By late that evening, Izzy was yawning but tried to stay awake. She needed to leave, and she needed the orb to go. James had the thing locked away. Oh, she understood it was so no one accidentally played with it, but that didn’t make her feel any better at that moment. The darn man always carried his keys with him as well, so she couldn’t even use her ability to sneak and snoop to get the orb.
She had almost drifted to sleep when the sound of carriage wheels crunching on the gravel drive sounded outside. James. She sighed. She would speak to him first thing in the morning.
The next morning, Izzy rushed out of her room and hurried down the stairs at the same time James entered the foyer. He smiled widely at her, so widely that little lines crinkled around his eyes. She had never seen him so happy and she couldn’t help but smile back.
He strode to her. “Let us talk.”
He paused just long enough for her to enter the parlor.
“Please sit,” he said, and once she sat on the settee, he took the wingback chair to her right.
Wondering why he looked so pleased with himself, Izzy straightened her dress over her knees. She gazed at him, waiting.
“I’ve grown fond of you and I dislike seeing you so sad, so I have spent yesterday thinking about what you said about your sister and how she stayed in the past.” He smiled. “And I had luncheon with Alice.”
“Alice?”
“She, too, is fond of you and has concluded she should not have interfered with Edward’s happiness. However, she can’t retract the banns and now they are in place. The haut-monde and the Prince Regent will expect a wedding to take place this day.”

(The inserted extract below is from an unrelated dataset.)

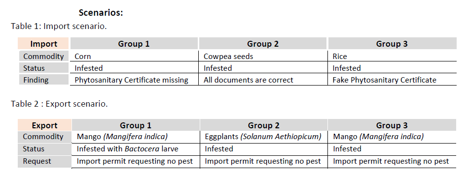 - Simulation exercises with practical demonstrations of phytosanitary inspection, sampling, pest detection and identification and decision-making.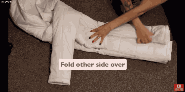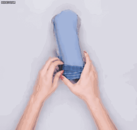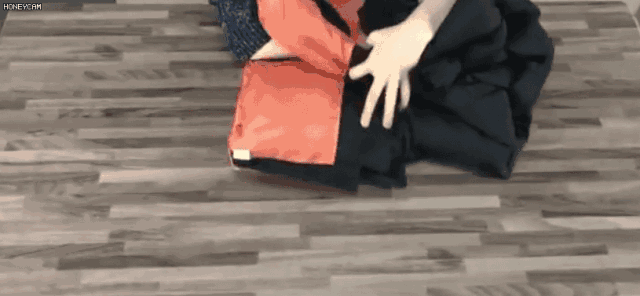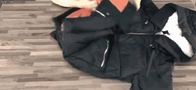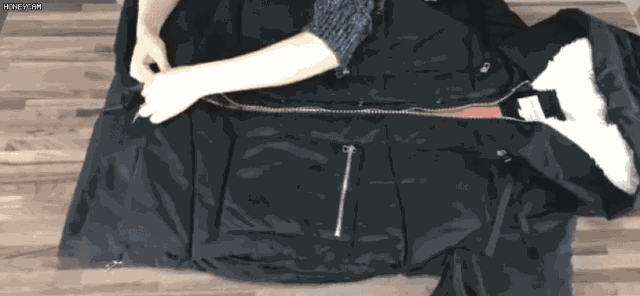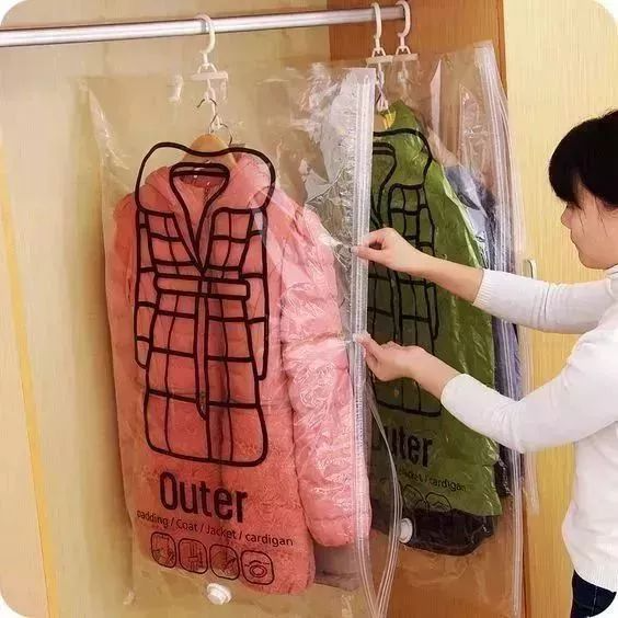 将卷完之后的羽绒服塞进衣物收纳袋里

“I know, that’s why I’ve decided to go home.”
“Home?” James raised his brows in surprise. “That’s why I wanted to speak to you. After much thought, I would like you to stay.”
Izzy opened her mouth to tell him she couldn’t, but he held his hand up.
“During my time at Brooks’—”
Izzy couldn’t help interrupting; she hadn’t heard of the place. “Brooks’?”
“A club.”
“Oh, I thought you’d go to White’s.” Nearly every gentleman in the books she read went to White’s.
“Too many Tories spend their time at White’s. Anyway, while I was playing faro with a friend it occurred to me that although you have developed a tendre for Wellsneath, he is by no means the only gentleman of my acquaintance. In fact, my friend, the Viscount Grisham, is a most satisfactory gentleman.”
Tears burned the back of her eyes. “Oh, James, that is so sweet, and if you’d said any of that at Chodstone Hall, everything would have been different, but I can’t now. The man I love is about to be married and I can’t stay and see him with another.”
She stood up and walked to the window. The sky was gloomy with gray clouds meandering over the bleak sky and hiding any sign of the sun. Perfect. She spun back to James, who had also risen and stood watching her. “Please give me the orb. I have to go home.”
The spark went out of James’s eyes. “I am disappointed, but I understand.”